What the task asks. Transcribe the lines below exactly. No image belongs in the transcription.

(Data shown begins)

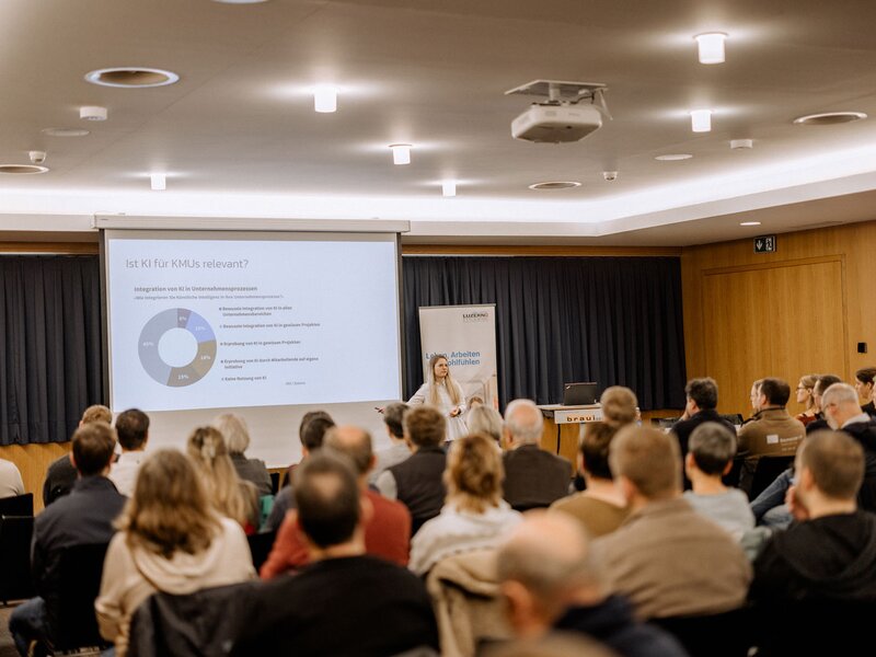In ihrem Referat «KI im Alltag von KMUs: Vom Hype zum echten Mehrwert» zeigte Wagner auf, was Künstliche Intelligenz ist, weshalb sie für KMU von Relevanz ist und wie Unternehmen bereits heute niederschwellig davon profitieren können. Sie demonstrierte eine konkrete Einsatzmöglichkeit – die automatisierte Kategorisierung von Emails. Zudem beleuchtete sie Vorteile wie Effizienzsteigerungen und Kostenersparnisse, aber auch Herausforderungen wie Datenschutz, fehlende Ressourcen oder die Auswahl passender Tools.
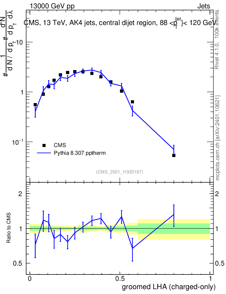 Lines: data, pythia8 8.307 pptherm |
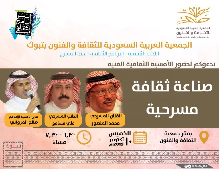 تقيم الجمعية العربية السعودية للثقافة والفنون بمنطقة تبوك ممثله في اللجنة الثقافية (البرنامج الثقافي) ولجنة المسرح مساء غدٍ الخميس...
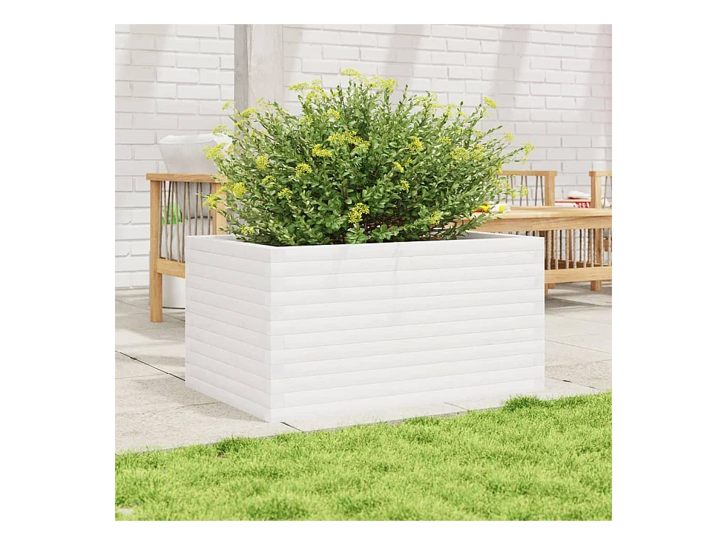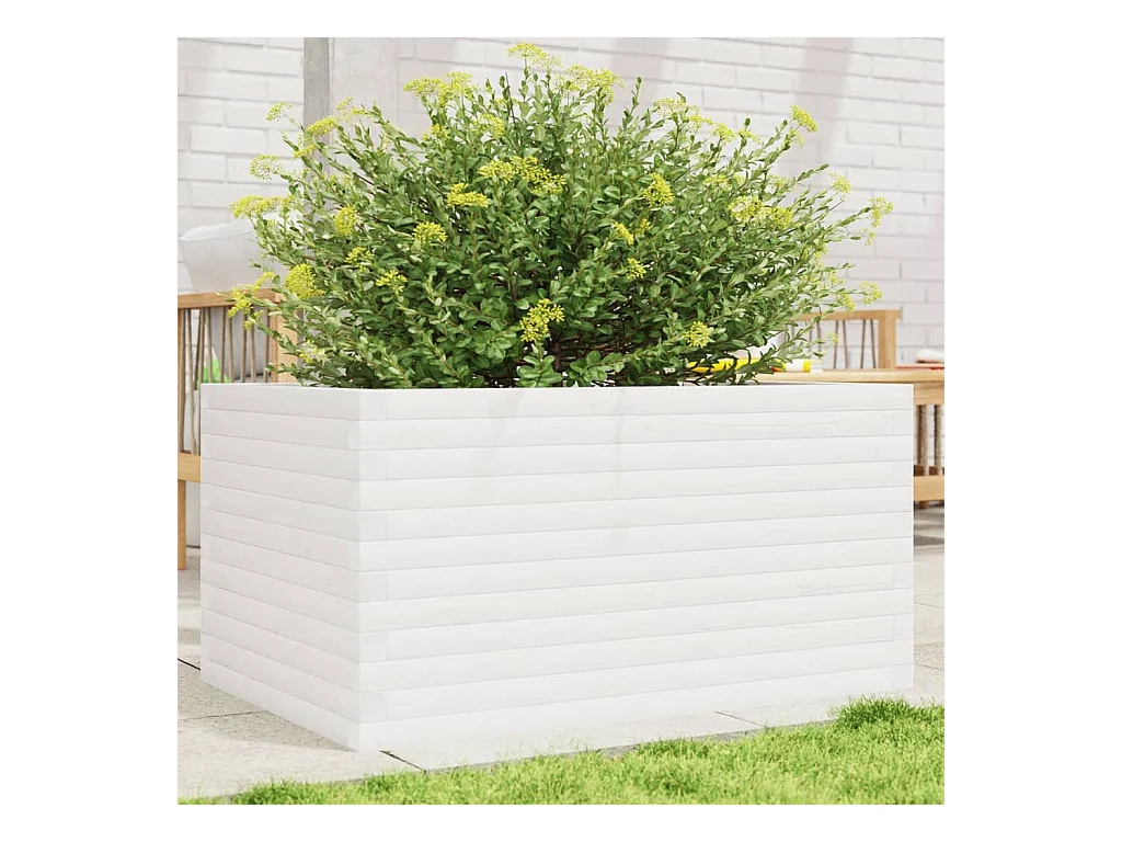 Jardinière blanc 90x60x46 cm bois de pin massif

(Data shown ends)

Exercise result.
In ihrem Referat «KI im Alltag von KMUs: Vom Hype zum echten Mehrwert» zeigte Wagner auf, was Künstliche Intelligenz ist, weshalb sie für KMU von Relevanz ist und wie Unternehmen bereits heute niederschwellig davon profitieren können. Sie demonstrierte eine konkrete Einsatzmöglichkeit – die automatisierte Kategorisierung von Emails. Zudem beleuchtete sie Vorteile wie Effizienzsteigerungen und Kostenersparnisse, aber auch Herausforderungen wie Datenschutz, fehlende Ressourcen oder die Auswahl passender Tools.
 Lines: data, pythia8 8.307 pptherm |
 تقيم الجمعية العربية السعودية للثقافة والفنون بمنطقة تبوك ممثله في اللجنة الثقافية (البرنامج الثقافي) ولجنة المسرح مساء غدٍ الخميس...
 Jardinière blanc 90x60x46 cm bois de pin massif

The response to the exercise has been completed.